(Items from a dataset)
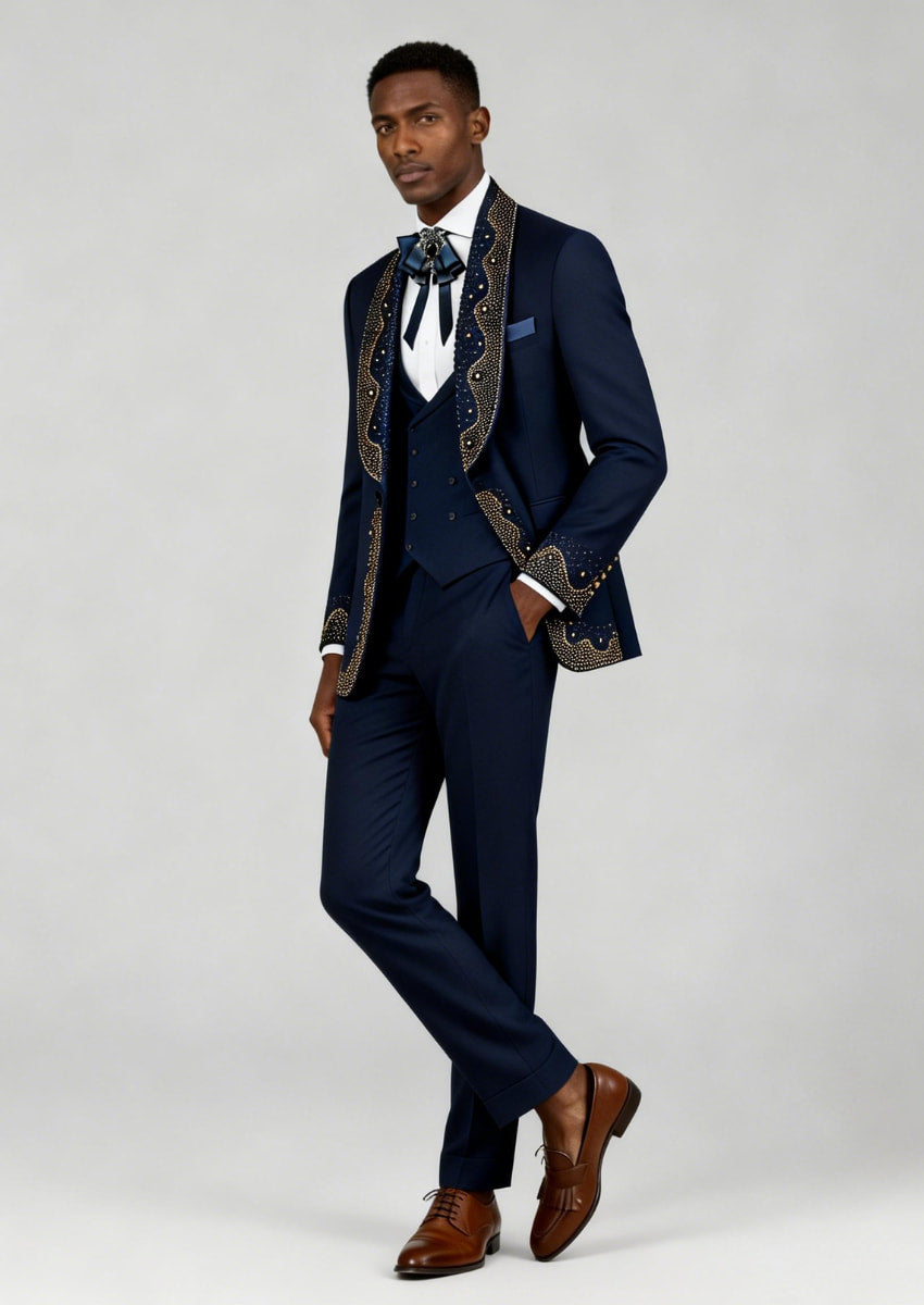 Smoking de mariage bleu foncé 3 pièces pour homme avec strass
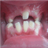 Intra-oral examination (Figure 4) revealed mixed dentition in her oral cavity. Teeth were
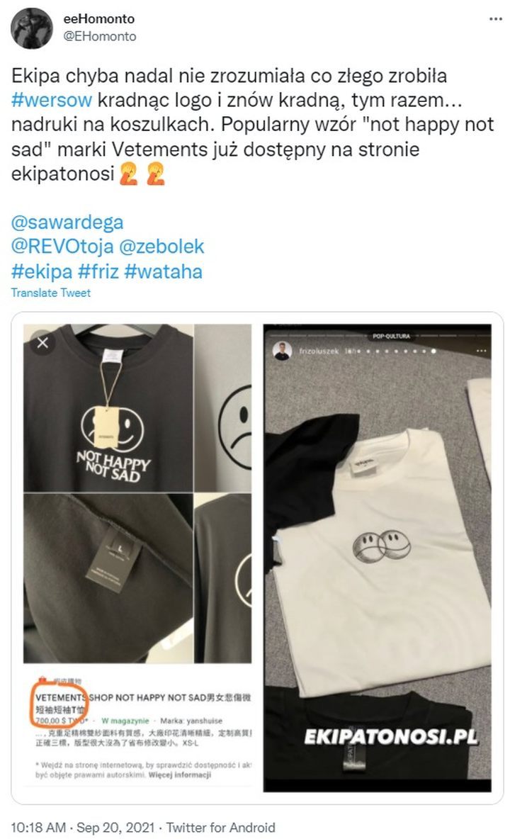 Jesienią 2021 roku okazało się, że koszulki Ekipatonosi mają nadruk bardzo podobny do tego na ubraniach marki Vetements, co zauważył użytkownik eeHomonto na Twitterze. Nie jest to idealna kopia, pomysł wydaje się dość uniwersalny, jednak pewna wątpliwość co do oryginalności wizji artystycznej pozostaje.
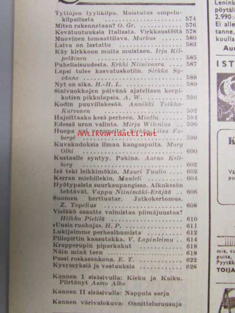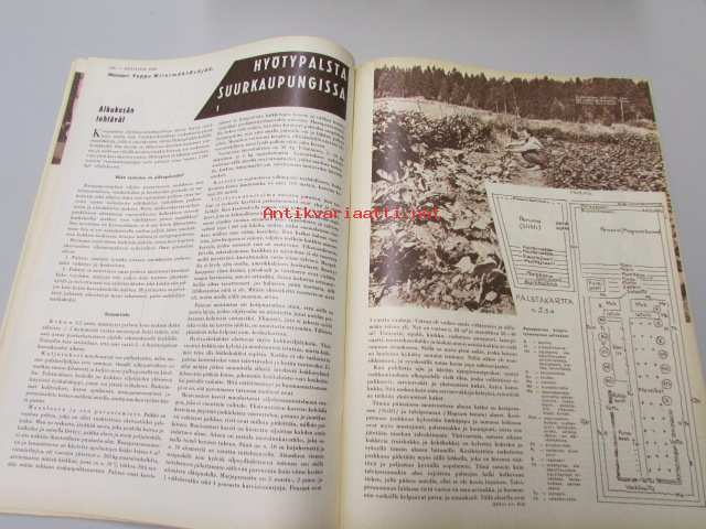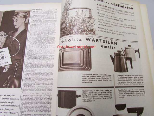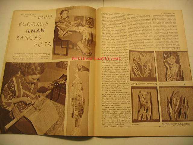 Kotiliesi 1959 nr 10, hyötypalsta suurkaupungissa osa 1, miesten muoti, Wärtsilän emali-mainos, Mary Olki: kuvakudoksia ilman kangaspuita, vieläko osaatte
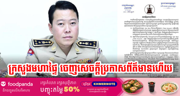 នារសៀលថ្ងៃទី៤ ខែតុលា ឆ្នាំ២០២១ ក្រសួងមហាផ្ទៃ បានចេញសេចក្តីប្រកាសព័ត៌មាន ស្តីពីមានគណនីហ្វេសប៊ុកអនាមិកមួយ កាលពីពេលថ្មីៗកន្លងទៅនេះ បានបង្ហោះខ្លឹមសារចោទប្រកាន់ មកលើអង្គភាពចំណុះក្រសួងមហាផ្ទៃ ថាបានប្រព្រឹត្តអំពើប៉ះពាល់ដល់កិត្តិយស និងសេចក្តីថ្លៃថ្នូរ ព្រមទាំង កិត្យានុភាពរបស់កងកម្លាំងនគរបាលជាតិ។ ផ្អែកតាមការស្រាវជ្រាវ អ្នកនាំពាក្យក្រសួងមហាផ្ទៃ សូមធ្វើការបំភ្លឺជូនសាធារណជន និងបណ្តាញសារព័ត៌មាន ឱ្យបានជ្រាបដូចតទៅ៖ ១. គណនីហ្វេសប៊ុកឈ្មោះ San Bora គឺជាគណនីក្លែងក្លាយ (Fake Account) បង្កើតឡើង ដើម្បីប្រើប្រាស់ក្នុងគោលបំណងបង្ហោះ ផ្សព្វផ្សាយខ្លឹមសារចោទប្រកាន់ និងវាយប្រហារមកលើ អង្គភាពរបស់ក្រសួងមហាផ្ទៃ តែប៉ុណ្ណោះ។ បន្ទាប់ពីបង្ហោះ និងផ្សព្វផ្សាយខ្លឹមសារវាយប្រហារ របស់ខ្លួនរួចមក
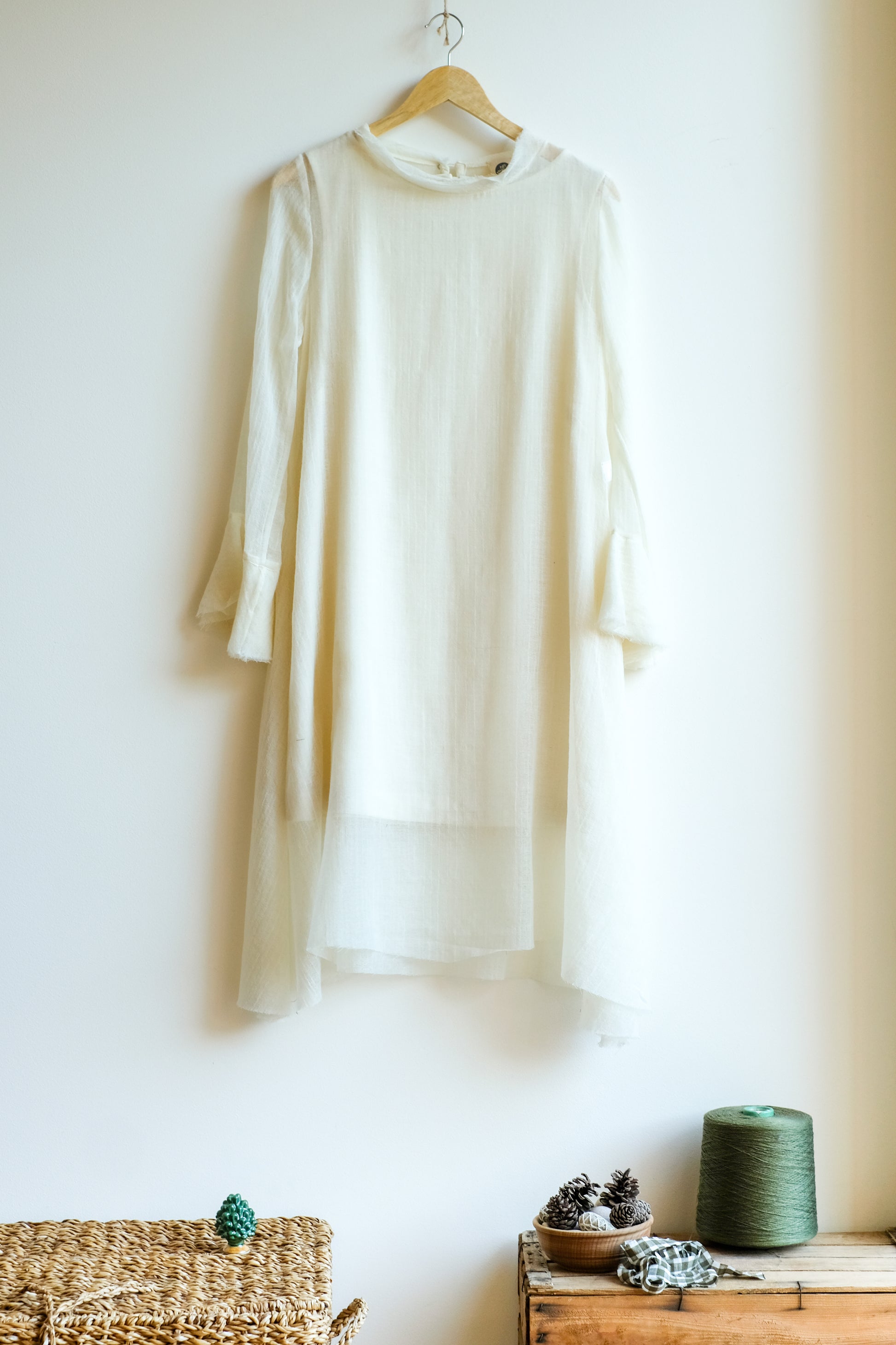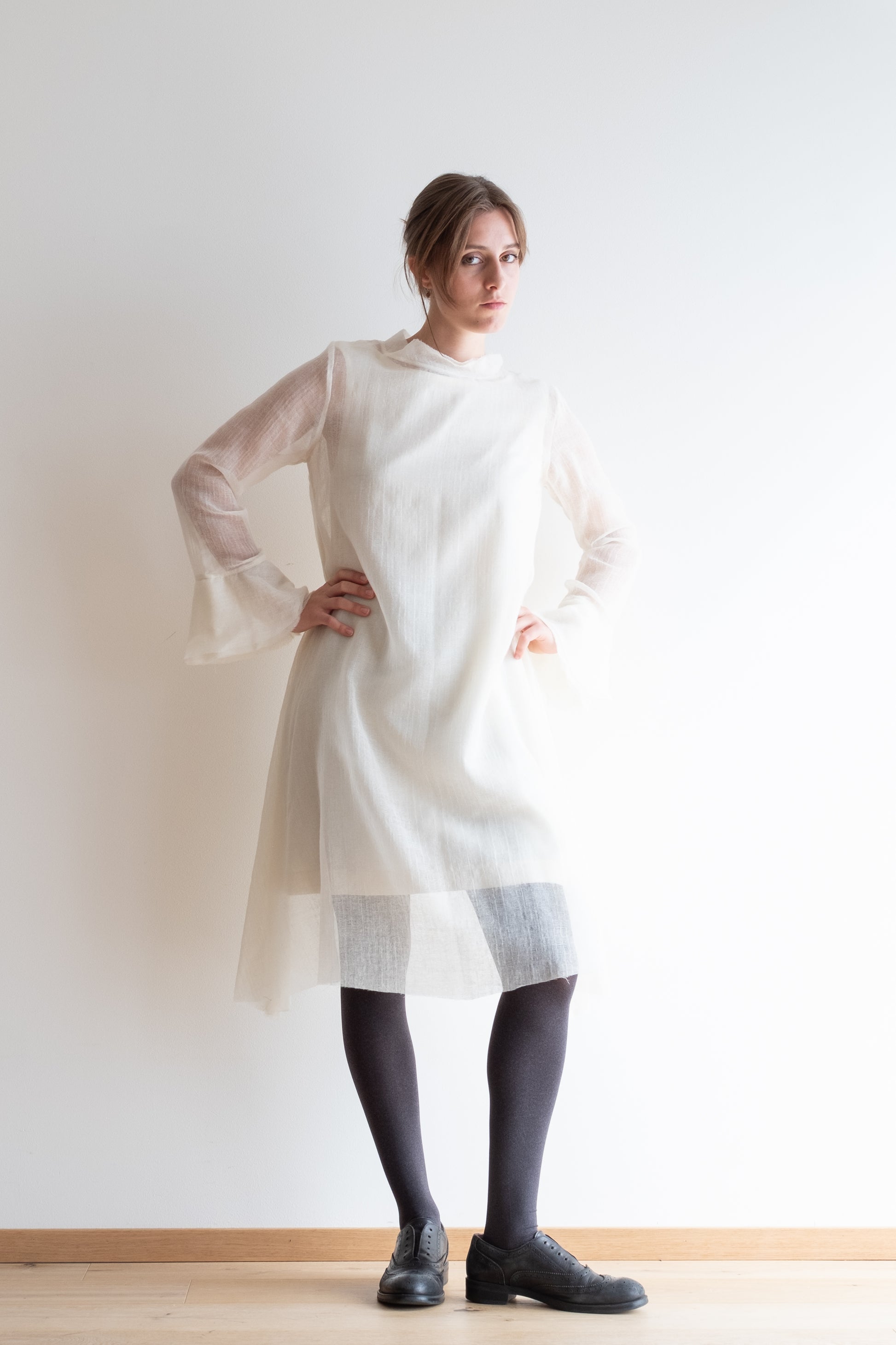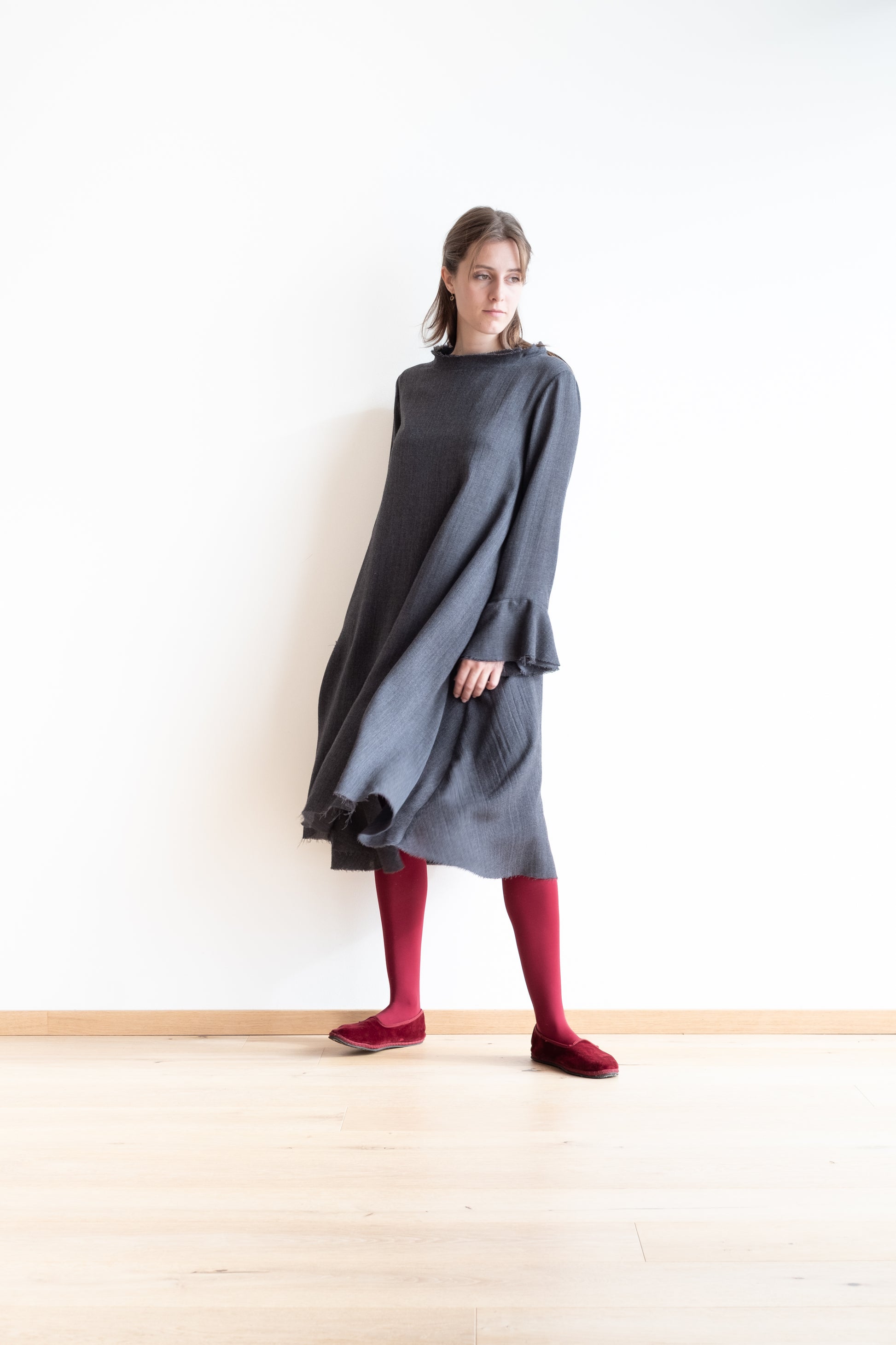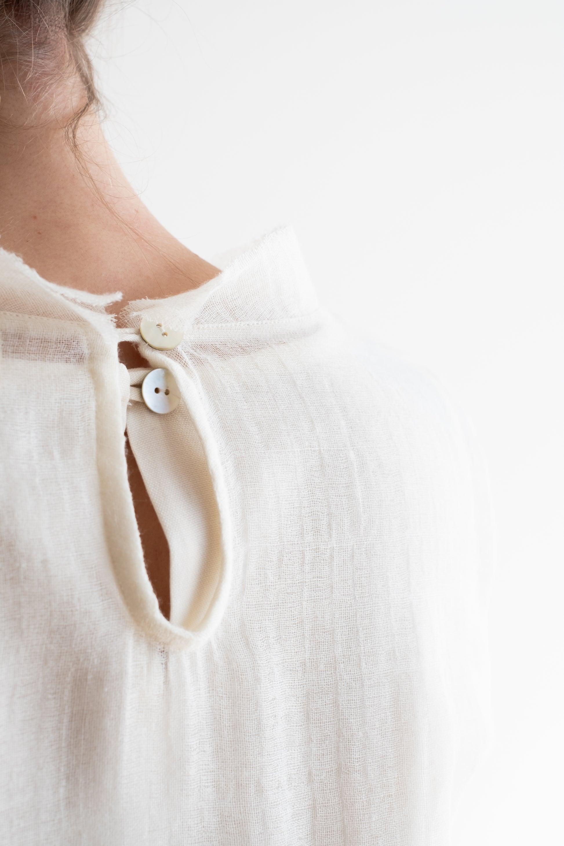 Modello svasato a trapezio, scollo rotondo finito con doppio sbieco a taglio vivo, chiuso con un bottoncino sulla schiena, manica lunga con polso triplo a campana a taglio vivo, orlo a taglio vivo sfilacciato.

WHAT IS NEEDED: Only the lines from the one with "Jesienią 2021 roku" through the end of the data, both ends included, should be written out exactly, and no pictures should appear.

SOLUTION FOR THIS EXERCISE:
 Jesienią 2021 roku okazało się, że koszulki Ekipatonosi mają nadruk bardzo podobny do tego na ubraniach marki Vetements, co zauważył użytkownik eeHomonto na Twitterze. Nie jest to idealna kopia, pomysł wydaje się dość uniwersalny, jednak pewna wątpliwość co do oryginalności wizji artystycznej pozostaje.
 Kotiliesi 1959 nr 10, hyötypalsta suurkaupungissa osa 1, miesten muoti, Wärtsilän emali-mainos, Mary Olki: kuvakudoksia ilman kangaspuita, vieläko osaatte
 នារសៀលថ្ងៃទី៤ ខែតុលា ឆ្នាំ២០២១ ក្រសួងមហាផ្ទៃ បានចេញសេចក្តីប្រកាសព័ត៌មាន ស្តីពីមានគណនីហ្វេសប៊ុកអនាមិកមួយ កាលពីពេលថ្មីៗកន្លងទៅនេះ បានបង្ហោះខ្លឹមសារចោទប្រកាន់ មកលើអង្គភាពចំណុះក្រសួងមហាផ្ទៃ ថាបានប្រព្រឹត្តអំពើប៉ះពាល់ដល់កិត្តិយស និងសេចក្តីថ្លៃថ្នូរ ព្រមទាំង កិត្យានុភាពរបស់កងកម្លាំងនគរបាលជាតិ។ ផ្អែកតាមការស្រាវជ្រាវ អ្នកនាំពាក្យក្រសួងមហាផ្ទៃ សូមធ្វើការបំភ្លឺជូនសាធារណជន និងបណ្តាញសារព័ត៌មាន ឱ្យបានជ្រាបដូចតទៅ៖ ១. គណនីហ្វេសប៊ុកឈ្មោះ San Bora គឺជាគណនីក្លែងក្លាយ (Fake Account) បង្កើតឡើង ដើម្បីប្រើប្រាស់ក្នុងគោលបំណងបង្ហោះ ផ្សព្វផ្សាយខ្លឹមសារចោទប្រកាន់ និងវាយប្រហារមកលើ អង្គភាពរបស់ក្រសួងមហាផ្ទៃ តែប៉ុណ្ណោះ។ បន្ទាប់ពីបង្ហោះ និងផ្សព្វផ្សាយខ្លឹមសារវាយប្រហារ របស់ខ្លួនរួចមក
 Modello svasato a trapezio, scollo rotondo finito con doppio sbieco a taglio vivo, chiuso con un bottoncino sulla schiena, manica lunga con polso triplo a campana a taglio vivo, orlo a taglio vivo sfilacciato.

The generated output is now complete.